Но молчали и солдаты. Даже Мусатова пробирали неприятные мурашки — так много было перед ним людей и огней.
Рысья глаза капитана щупали толпу и наконец встретились сначала с ястребиными глазами Покивача, а потом с черными и угрюмыми глазами Корчака.
И тут Мусатов впервые ощутил неуверенность и ужас. Он не знал людей из этой белой массы, но лицо Корчака он знал. И Мусатов подумал, что тут, видимо, не просто мужики, а лесные братья, а поскольку это так, заварушка будет горячей. Он ошибался, но не мог знать, что ошибается.
— Разойдитесь! — крикнул Мусатов.
Это было неожиданно, но вперед вышел не Корчак.
— Мы не хотим крови, — сказал Покивач.
— Чего вы хотите?
— Мы хотим видеть истинный манифест, спрятанный в церкви.
— Какой манифест?
— Истинный... царский.
— Есть один манифест.
Покивач с укором покачал головою.
— Зачем врать, пан?.. Служивый, а сам с этими обманщиками. Похвалил ли тебя отец-император?.. Пропусти нас в церковь, и мы пойдем отсюда.
Мусатов подумал, что это дает возможность выиграть время и взять зачинщиков.
— Идите, — произнес он.
Мужики начали советоваться. Наконец первым пошел к церковным вратам Покивач.
— Чей? — измеряя его глазами, спросил Мусатов.
Покивач смотрел дерзко.
— Лесной.
— Стой тут. Еще кто?
Он ждал, что выйдет Корчак, но тот стоял и улыбался.

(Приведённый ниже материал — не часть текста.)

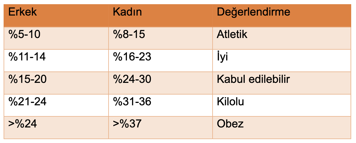 Sağlıklı vücut yağ oranları aşağıdaki tabloda gösterilmiştir:

Второй вышла из толпы Марта.
— Ты чья?
— Божья.
Мусатов подумал, что все это плохо и взаправду здесь не мужицкий бунт, а поход «лесных братьев». Их развелось много, кому, как не ему, было знать об этом.

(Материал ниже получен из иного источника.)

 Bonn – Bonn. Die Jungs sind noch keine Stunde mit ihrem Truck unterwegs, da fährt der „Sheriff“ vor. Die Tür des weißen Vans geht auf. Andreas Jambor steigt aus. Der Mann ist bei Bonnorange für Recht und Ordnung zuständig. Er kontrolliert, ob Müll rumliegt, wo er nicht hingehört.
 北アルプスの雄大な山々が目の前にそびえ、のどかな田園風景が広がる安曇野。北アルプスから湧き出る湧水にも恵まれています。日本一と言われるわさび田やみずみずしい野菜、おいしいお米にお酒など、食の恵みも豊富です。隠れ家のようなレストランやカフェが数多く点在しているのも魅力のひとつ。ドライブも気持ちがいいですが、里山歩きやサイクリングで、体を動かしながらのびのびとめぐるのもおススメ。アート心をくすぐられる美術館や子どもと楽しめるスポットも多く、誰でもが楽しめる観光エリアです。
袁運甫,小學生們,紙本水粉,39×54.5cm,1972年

Две тени, черная и белая, стояли отдельно от толпы и следили, кто выйдет еще. Кондрат попробовал было сделать шаг, но его вдруг сильно сжали с боков. Он покосился: тяжело посапывая от бега, стояли рядом с ним отец и Юрась.
— Голова еловая, — бросил мрачный отец.
Кондрат рванулся было — сжали. Андрей вдруг начал пихать его назад, в толпу.
— Хватит, — пояснил он. — Ты что, не видишь? Западня.
— Пусти, — толкнул его Кондрат.
Строгие синие глаза Андрея встретились с его глазами.
— Идем отсюда, — попросил Андрей шепотом. — Подвести хочешь загорские окрестности? Брось, братец. Не время. Пойми, голова ты глупая. Погоди. Выспимся мы еще на их шкуре. Напрасно погибнуть хочешь.
Подкова покраснела на лбу Кондрата. Но родственники сильно прижали его к глухой стенке какого-то сарая.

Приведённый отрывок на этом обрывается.